Now I understand that it may be hard to become a follower of the Jewish Jesus (Yeshua) when we as Christians don’t identify with the Jewish people. On top of that the Jewish people don’t even recognize our or other religions. Some of the Jewish people even hate us for the myriads of things that have been done to them in the name of Christendom. So then, how do I go about celebrating a Holy day the way Jesus, his Jewish lineage and followers did when I don’t even understand the culture. I believe that its not about becoming Jewish it is about following Jesus and doing things they way He did and told us to.

I won’t lie, this following Yeshua thing isn’t easy however there is grace, resources and a growing number of Christians who are trying to do things as mandated in His Word. This bring me back to the question I am asking “Why not observe Passover?” Passover was celebrated in the old testament by the killing of the lamb, applying it blood to the doorpost and since they were in a hurry, eating bread without yeast (they didn’t have time to let it rise).

In the New Testament it was celebrated with Jesus and the twelve disciples drinking the wine and eating the unleavened (without any rising element) bread or Matzoh as part of their Passover celebration. The yeast or chametz symbolizes sin in our lives. So during Passover yep there are no brown and serve rolls to be seen only flat cracker-like bread, (1 Cor. 5:7-8, Exodus 12:15, Duet. 16:3).

We keep the tradition of Passover by getting the chametz or leavened bread out of our homes, cars, and office spaces. Inwardly we reflect on any sin in our lives and repent, change and get it out of our hearts. We clean up our lives for a week because we want to be passed over and avoid death, danger, harm, sickness, financial trouble, etcetera. Now Passover, its preparations and traditions are not good luck charms however the word does say if you obey my commands it will go well with us.
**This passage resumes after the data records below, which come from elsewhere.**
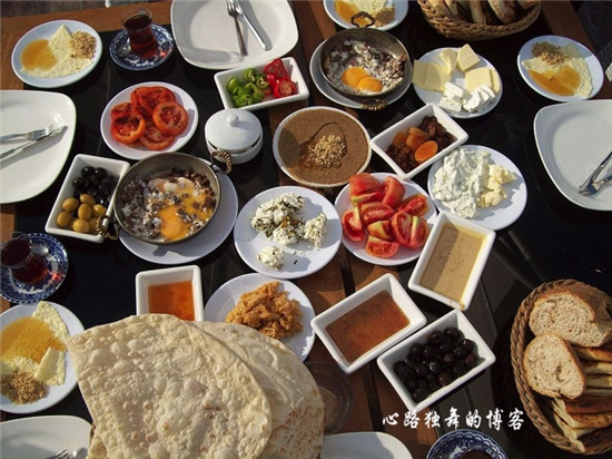 16、土耳其:传统的早餐包括面包、奶酪、奶油、橄榄、鸡蛋、西红柿、黄瓜、果酱、蜂蜜、硬奶油和土耳其茶,常还有一种名叫sucuk的辣味土耳其香肠。(个人觉得看着很多,但实际上我敢下口的只有面包、西红柿、黄瓜和橄榄,汗)
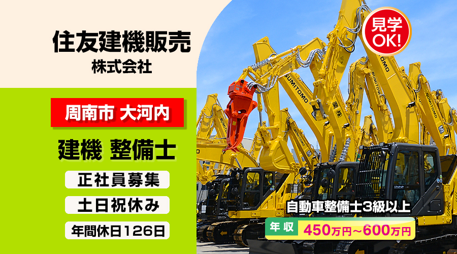 住友建機販売 株式会社 (周南営業所)【住友建機販売】 建機整備士・メカニック(周南市大河内)
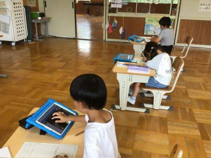 1年生は、生活科で育てているミニトマトの観察記録を書いています。この後の発表会も上手にできたでしょうね。
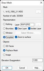 This command allows one to represent a mesh file obtained by using the Meshes > Create Mesh from Surface or Meshes > Create Mesh from Contour Lines tools. First, the program requests a mesh file (ASCII or binary). The following dialog box is then displayed:
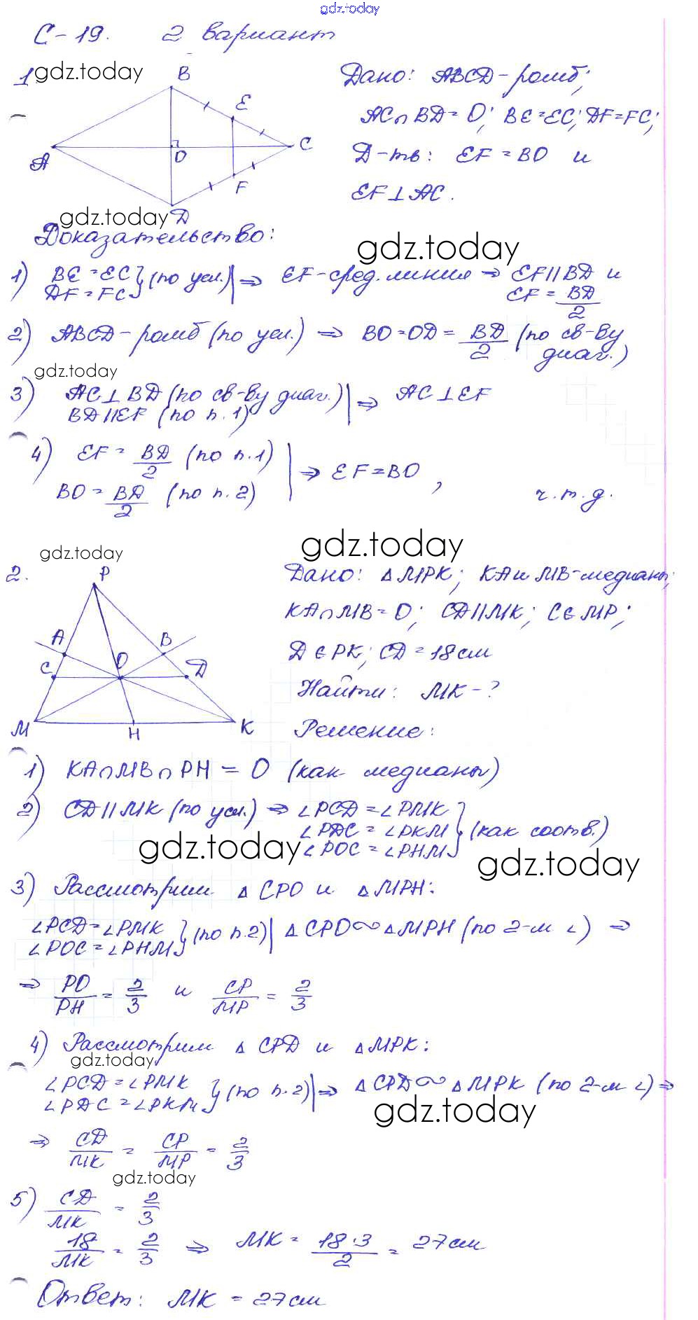 На страницах сайта gdz.today вы найдете учебный и вспомогательный материал, направленный на улучшения знаний школьной программы. ГДЗ - онлайн мир знаний СР №19. Средняя линия треугольника. Свойства медиан Решение к самостоятельным работам вариант-2 Дидактическим материалам по Геометрии для 8 класса Зив, Мейлер Просвещение 2016
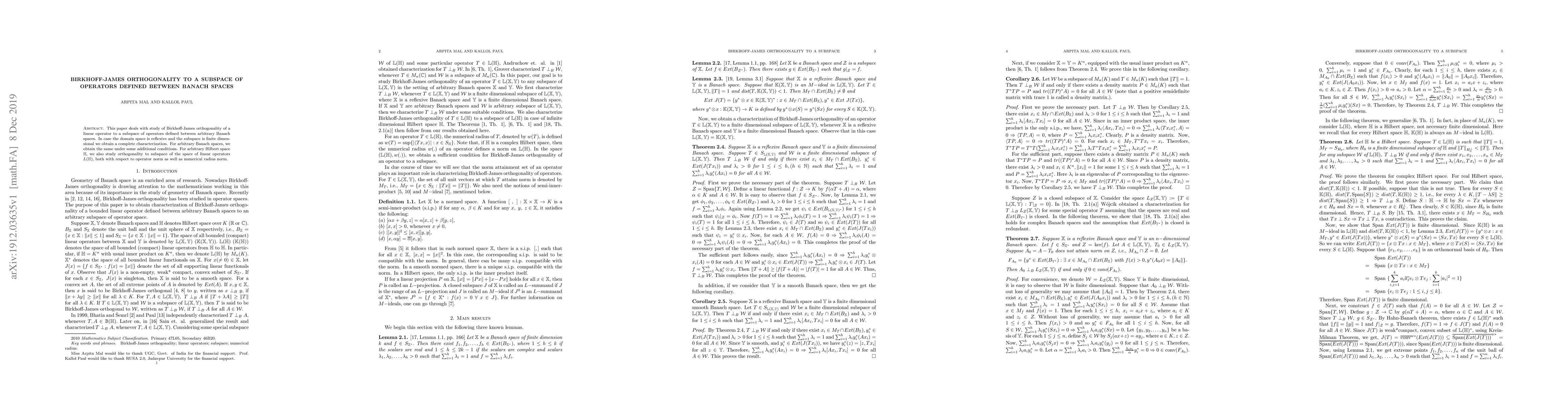 This paper characterizes Birkhoff-James orthogonality for a linear operator to a subspace of operators between Banach spaces, providing complete characterizations when the domain space is reflexive and the subspace is finite-dimensional, and studying orthogonality in Hilbert spaces with respect to operator and numerical radius norms.

We know that as Christians that Yeshua died for our sins and that a week of getting clean may not be what He had in mind when he died upon the tree of life or cross. Now you may say well I can just do all of this in my heart and I don’t have to do any of this, “God knows my heart.” Well yes you can however when doing the feast there is deeper meaning to what happened in the days of Jesus, your understanding is opened up and you feel fuller spiritually. To me its like forgiving someone in your heart. You may feel a little difference but when you go to them to ask for forgiveness and work things out then a weight and burden is lifted. Then you feel a deeper freedom when you are with or around this person than previously when you just forgave in your heart.
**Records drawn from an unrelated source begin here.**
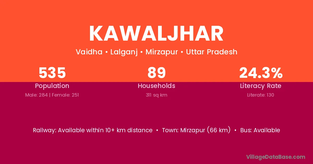 Mirzapur (66 km) is the nearest town to Kawaljhar village for major economic activities and is located approximately 66 km away.
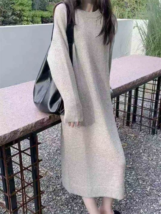 秋冬新款法式复古宽松简约中长款毛衣连衣裙,独立包装...
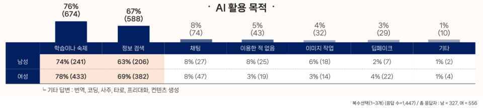 응답자 다수 ‘AI는 학습·숙제용’… 대입 정보 검색 활용도 낮아
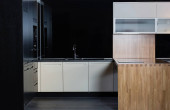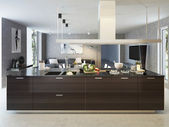 3d renderowanie nowego drewnianego z marmurową szafką kuchenną
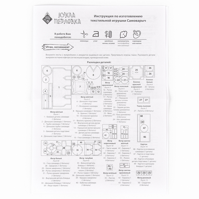 Набор по изготовлению текстильной игрушки «Самоварыч», высота — 19 см
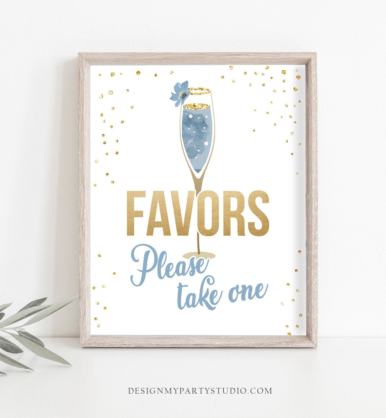 • Favors Sign Brunch and Bubbly Bridal Shower Blue Champagne Gold Confetti Take a Treat Thank You Sign Instant Download PRINTABLE 0150
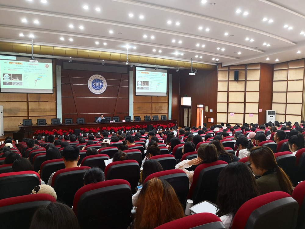 周激流以《中国特色社会主义进入新时代》为题,围绕新时代的特征、习近平新时代中国特色社会主义思想、中国梦三个方面展开。他从国家科技、经济发展、国防建设、国家形象等各领域取得的突出成就入手,深入分析了新时代的特征。尤其是他谈到的我国在新能源、量子信息技术、超算、区块链技术、新一代通信技术、高铁、北斗卫星导航系统、“一带一路”等方面的成就与进展,引起了师生们的共鸣与赞叹。他说,习近平新时代中国特色社会主义思想是一脉相承的马克思主义中国化理论,并从“八个明确”的角度,和师生们一起分享了习近平新时代中国特色社会主义思想的重要内涵。

This eight day festival of Passover and the Feast of Unleavened Bread is about remembering the deliverance of the Hebrew people from Egypt and the death of Yeshua on the stake to save us from death’s sting. In essence we are to get the sin out of our hearts in daily life as well as for a week in honor of Gods word and to do this often in remembrance of Him. It is a celebration of Yeshua and his deliverance of His ancestors from Egypt.

If you wonder what can my kids do in this holiday they certainly don’t want to clean. There are fun reenactments of the Exodus story such as the ten plague bags where the kids have a bag or ten bags filled with items that represent the plagues. And the Passover meal itself includes a fun search for the Afikomen that the kids can get involved in. In this tradition a piece of broken matzoh is hid in a napkin and the kids search for it. Once they find it, then it is redeemed for a monetary gift. This sounds a lot like the Jesus broken, hidden in the tomb and redeeming us for a huge insurmountable price.
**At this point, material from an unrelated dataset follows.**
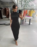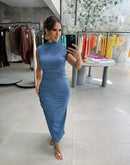 Saia midi em malha fria, franzida na lateral, fenda na latera, barra assimétrica; forrada;
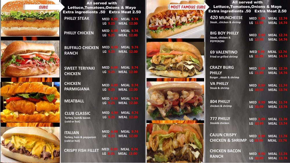 Burger, steak & shrimp. All served with lettuce, tomatoes, onions & mayo.

There are many rich elements in the Passover that point toward redemption of the Hebrew people and Christians as well as they point to Jesus and his work on the cross.  We may not always relate or identify with the biblical traditions or the Jewish people.  We sure should try and live as Yeshua did and that means following him to the fullest even if when we don’t understand it, if it’s a command then let’s not hesitate lets get to it with joy and gladness that we are being obedient to our Master.